A combinação entre visibilidade de rede e endpoint permite compreender melhor o que está acontecendo.

Mas, em OT, quantidade de alertas não significa necessariamente maior capacidade de proteção.

A organização precisa conseguir diferenciar uma atividade legítima de engenharia de uma ação inesperada.

Por isso, contexto operacional é fundamental.

Detectar que um software de engenharia foi executado é uma informação. Saber se aquele usuário deveria executá-lo naquele equipamento e naquele momento transforma essa informação em contexto de segurança.

Pessoas Continuam Importantes, mas Não São “o Elo Mais Fraco”

Eu também mudaria essa abordagem do artigo original.

Classificar operadores e técnicos simplesmente como “o elo mais fraco” reduz um problema complexo a comportamento humano.

Essas pessoas também são uma importante fonte de conhecimento sobre o que é normal ou anormal dentro da operação.

Um operador pode perceber uma alteração inesperada no comportamento de uma máquina antes mesmo de existir uma conclusão técnica de que o evento possui origem cibernética.

Por isso, treinamento continua importante, mas precisa estar conectado às funções desempenhadas.

Operadores, engenheiros, equipes de manutenção e fornecedores não precisam receber exatamente o mesmo treinamento.

Cada grupo precisa saber quais comportamentos observar, quais ações evitar e como escalar uma situação suspeita.

Da Proteção do Endpoint à Resiliência Operacional

A segurança de endpoints ganhou importância à medida que operações industriais se tornaram mais conectadas e dependentes de sistemas digitais.

Mas isso não significa que o endpoint tenha substituído a rede, a identidade ou qualquer outra camada como centro da segurança OT.

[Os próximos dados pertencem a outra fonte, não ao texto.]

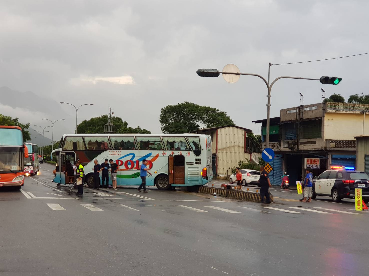 花蓮台九線191.5K今(8)日傍晚發生遊覽車自撞意外,一輛載有新加坡團客的遊覽車由太魯閣方向往花蓮市區前進,疑似因天雨路滑不慎自撞電線桿,13人團客中,有7人受到輕傷,目前已送醫救治。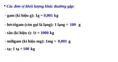 - miligam (kí hiệu mg): 1mg = 0,001 g - tạ: 1 tạ = 100 kg
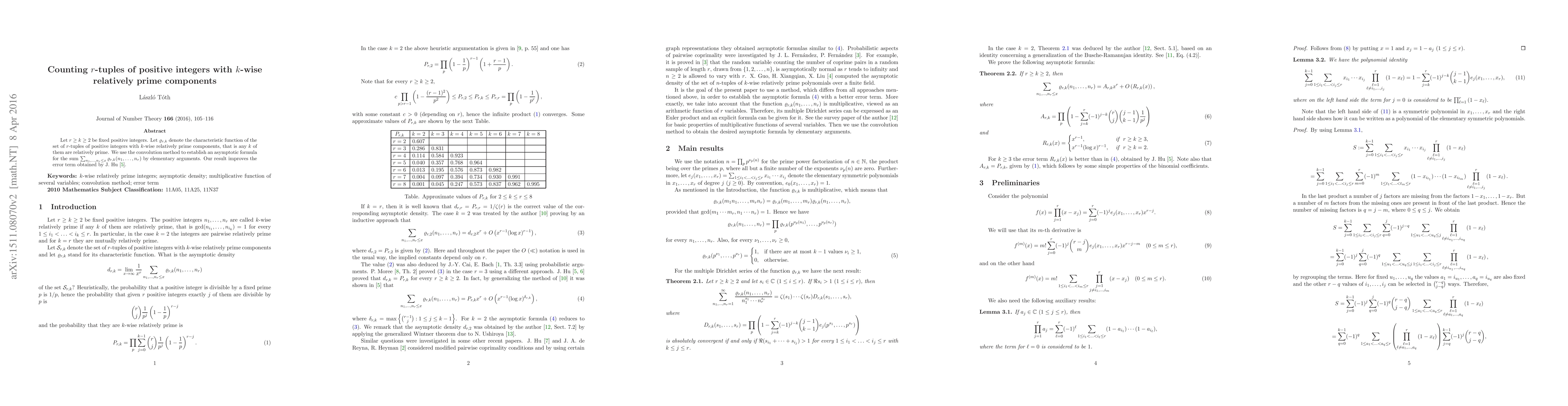 This paper establishes an asymptotic formula for counting $r$-tuples of positive integers where any $k$ components are relatively prime, improving upon the error term previously obtained by J. Hu (2013) using the convolution method.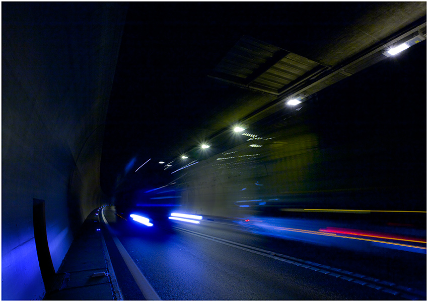 Снято в туннеле Роппен в Австрии, где я нагло остановился в кармане, поставил штатив и начал снимать. Не сразу подобрал нужную выдержку. В туннеле было трудновато дышать, а поток воздуха от фур иногда буквально сдувал меня вместе со штативом. Кончилось это все полицейским участком в Имсте, куда я был препровожден блюстителями порядка. Вспомнив весь свой школьный немецкий, в институте я английский изучал, я все же сумел убедить австрийских гаишников, что я не шпион и не террорист, что я просто приехал из России на ЕВРО-2008 поболеть за наших футболистов, а еще я люблю фотографировать все, что шевелится и не шевелится. Ключевым моментом был показ мною отснятых кадров на экране фотокамеры. Полицеские наконец заулыбались и отпустили меня с Богом. ISO400, f11, 1/5 sec.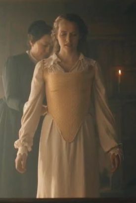 There are a couple dressing scenes, and I was delighted to see that they 1. put Diana in a corset (“pair of bodies” in this era), and 2. made a reproduction of an actual corset from this era!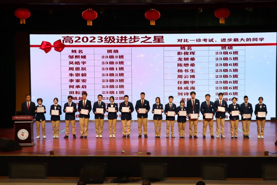 表彰不是终点,而是冲刺的新起点。本次二诊表彰暨学习经验交流会,不仅是对过往努力的肯定,更是对未来征程的动员。愿全体高2023级学子以此次表彰为契机,以榜样为灯塔,以奋斗为船桨,在最后的高考冲刺阶段,全力以赴、不负韶华,用汗水浇灌梦想,用拼搏书写辉煌,在2026年高考中旗开得胜、金榜题名,奔赴属于自己的璀璨未来!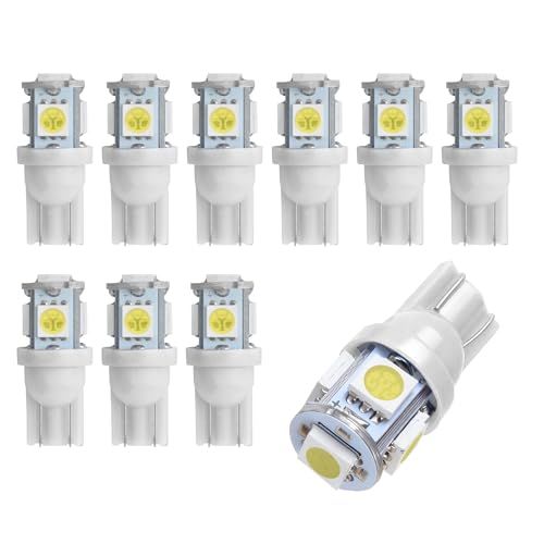 10PCS 194 LED Light Bulbs, T10 Bulb 6500K Wedge 5050 5-SMD Chips, Super Bright Width Marker Light Bulbs Replacement for Car Dome Map Reading Courtesy Side Marker Tail Parking Lights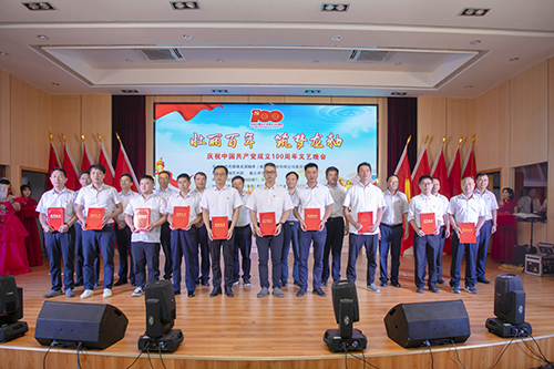 為熱烈慶祝中國共產(chǎn)黨成立100周年,謳歌黨的豐功偉績和偉大成就,展現(xiàn)在黨的領導下龍軸自強不息、闊步前行的精神風貌,2021年6月29日晚,由公司黨委主辦、龍軸藝術團及春之聲藝術團協(xié)辦的“壯麗百年 筑夢龍軸”慶祝中國共產(chǎn)黨成立100周年文藝晚會在藍田三廠區(qū)龍軸集團大禮堂隆重舉行。漳州市政府辦副主任吳維桑、漳州市國資委黨委委員、二級調(diào)研員盧宗金、九龍江集團黨委副書記魏育健等嘉賓,公司黨委書記、董事長陳晉輝及領導班子其他成員出席晚會,黨總支、黨支部負責人,中層干部、業(yè)務主管及“兩先一優(yōu)”代表等參加。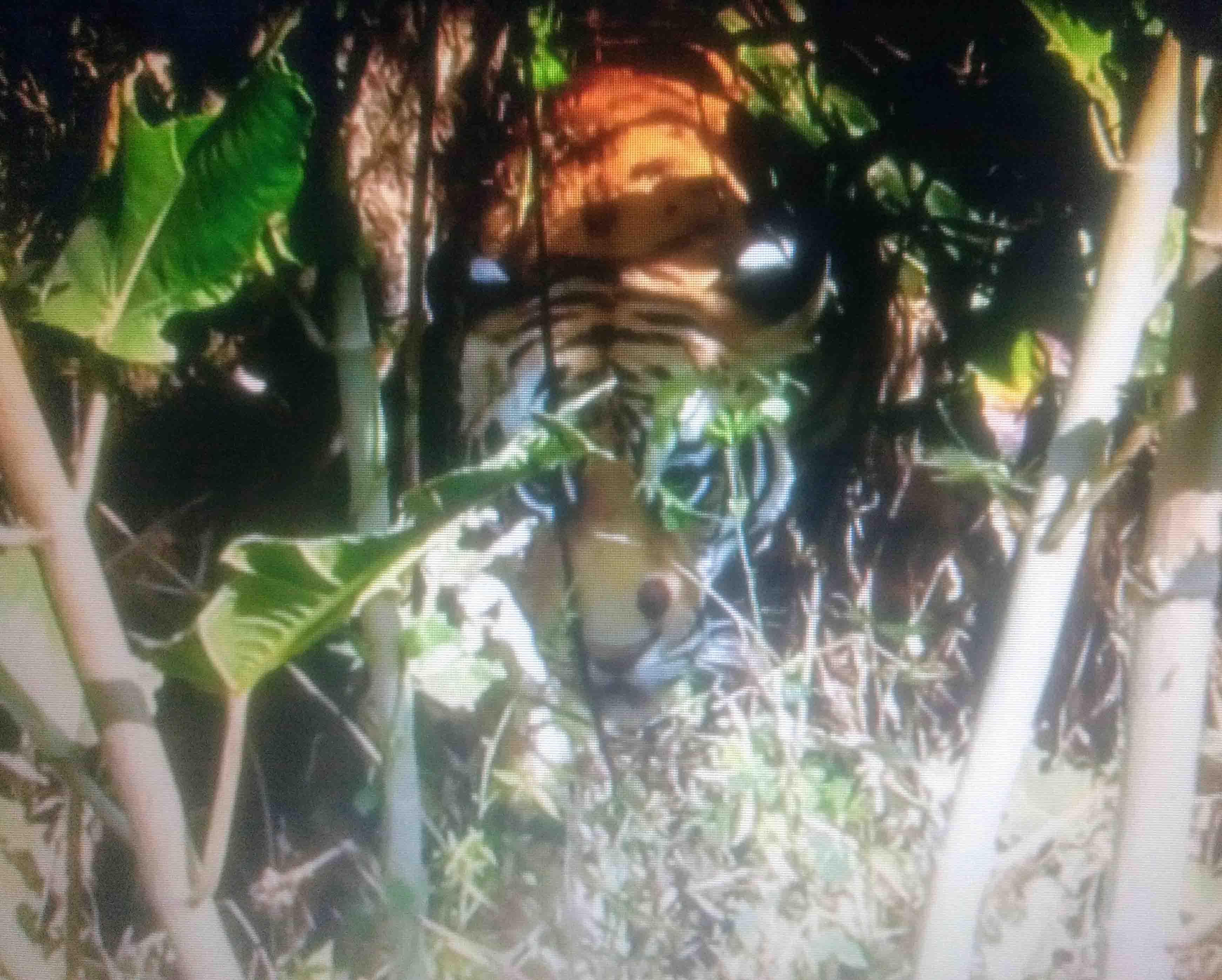 This time the urgency was more audible in his calm voice – and, and my eyes met those of the tiger. Crouching low barely 10 meters away its eyes were just about visible amongst the forest undergrowth. We beat a hasty yet calm retreat. Nikhil, our field biologist, had the presence of mind to collect the memory card from the camera trap, which we had installed on the tiger’s kill the previous day. We had to be sure of the identity of the tiger we had come to rescue.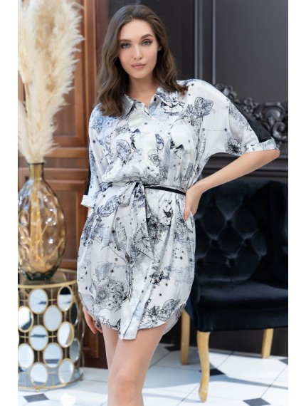 Удлиннёная рубашка Mia-Amore центральной застежкой и укороченными рукавами выполнена из искусственного принтованного шелка. Рубашка с акцентами на плечах и фигурным низом может быть как самостоятельным элементом в одежде, так и стать компаньоном для брюк и джеггинсов.

O cenário de 2026 aponta para uma abordagem mais integrada.

Estações de engenharia, HMIs, servidores e dispositivos utilizados para manutenção precisam ser protegidos de acordo com sua função e criticidade, enquanto segmentação, controle de acesso, monitoramento e resposta a incidentes limitam as possibilidades de progressão de um comprometimento.

Para a Cyrex Security, o objetivo não é simplesmente proteger computadores utilizados dentro de uma indústria.

É impedir que o comprometimento de um dispositivo utilizado para operar, configurar ou manter um processo se transforme em impacto sobre a operação.

A pergunta, portanto, não deveria ser apenas:

“Nossos endpoints estão protegidos?”

Mas:

“Se um endpoint crítico for comprometido, até onde esse acesso pode chegar dentro da nossa operação?”